PMcG: Nonetheless, given that more Russian oil is now shipped to China, Turkey, and Indonesia for refining and that there are no restrictions for the US and Europe on importing petroleum products made with Russian oil outside Russia, any gains in oil prices from Russia’s banning may be limited and short lived.

SH: US reserves, OPEC, and winter also adding some unknowable variables into the oil equation

PMcG: Well clearly another source of demand may be the US decision to replenish its strategic petroleum reserve after selling record amounts last year… While the list of arguments pointing to a limited recovery includes the possibility of OPEC reversing some of its production cuts announced in November, as the cartel’s own projections point to increasing demand in 2023.

Winter is also a variable in the oil equation. EU nations’ ability to pile up oil before Russia’s retaliating measures take full effect and a mild winter so far have allowed oil prices to stay in downtrend mode. However, should winter get colder in the coming months, demand for heating oil could increase and thereby lift prices.

SH: The outlook seems blurry for now, are we back to backing the USD?

PMcG: Blending everything together, the short-term outlook of oil looks blurry for now. Having said that though, what appears to be a clearer case for the next months is that a sustained uptrend may be off the books.

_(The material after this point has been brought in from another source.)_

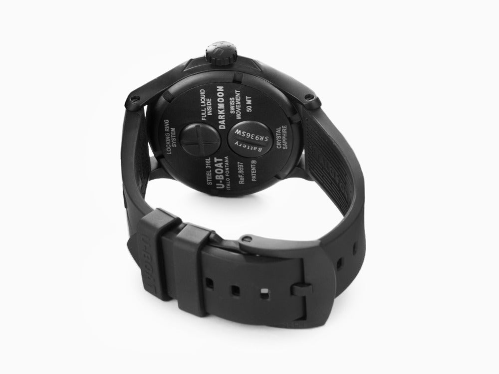 • U-Boat va más allá de los límites del diseño tradicional con los nuevos modelos Darkmoon Soleil de la línea Capsoil, donde se combinan funciones innovadoras con un estilo retro y diferentes tonos de esfera con un acabado Soleil en azul, verde, marrón o rojo. Como novedades técnicas podemos observar una corona roscada con sistema de doble seguridad que permite el ajuste de la función de tiempo, cristal de zafiro abovedado y un sistema innovador para cambio de pila rápido y recarga de aceite sin necesidad de enviarlo a fábrica, pero siempre manteniendo la esencia de la línea Darkmoon gracias a su movimiento electromecánico suizo completamente inmerso en un aceite que lubrica y crea una burbuja de compensación que amplifica la visión de las manecillas, haciendo que parezca más profundo y tridimensional.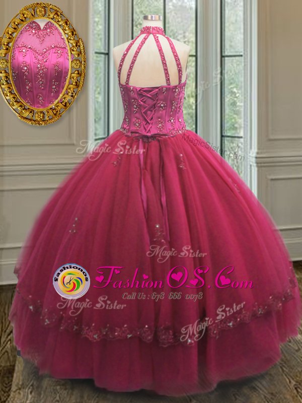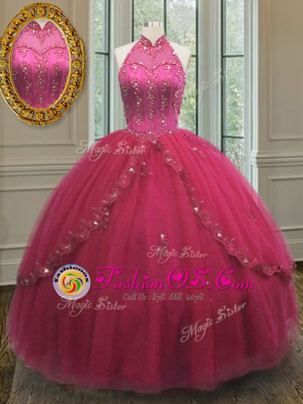Home >  Quinceanera Dresses >  In Stock Quinceanera Dresses > Halter Top Hot Pink Tulle Lace Up Quince Ball Gowns Sleeveless Floor Length Beading and Appliques

Even if the Chinese economy recovers faster and oil demand is restored, and even if supply tightens more due to Russia’s decisions, a strong recovery in oil prices could well refuel inflation.

Should the central banks respond by re-accelerating and extending their tightening crusades, the global economy is very likely to fall into a deeper recession than currently estimated, which would eventually weigh on oil prices due to speculation that demand for energy could be dented again. A rebound in the US dollar as it reclaims the throne of the ultimate safe haven may also weigh on oil.

Now, in case the surging infections in China result in more economic complications and the reopening of its borders more spreading of the virus to the rest of the world rather than spurring an economic recovery, oil prices may come instantly under pressure, with WTI perhaps falling below $70 per barrel.

SH: Give us the technical analysis is baby steps? 

PMcG: From a technical standpoint, WTI crude oil remains below the long-term uptrend line taken from the low of April 28, 2020, below the downtrend line drawn from the high of June 14, and below both the 50- and 200-day exponential moving averages.

Via Peter McGuire XM

On top of that, last week, the black liquid came under selling pressure after hitting the short-term downtrend line, which implies that the bears may have not said their last word, despite allowing a rebound at the start of this week.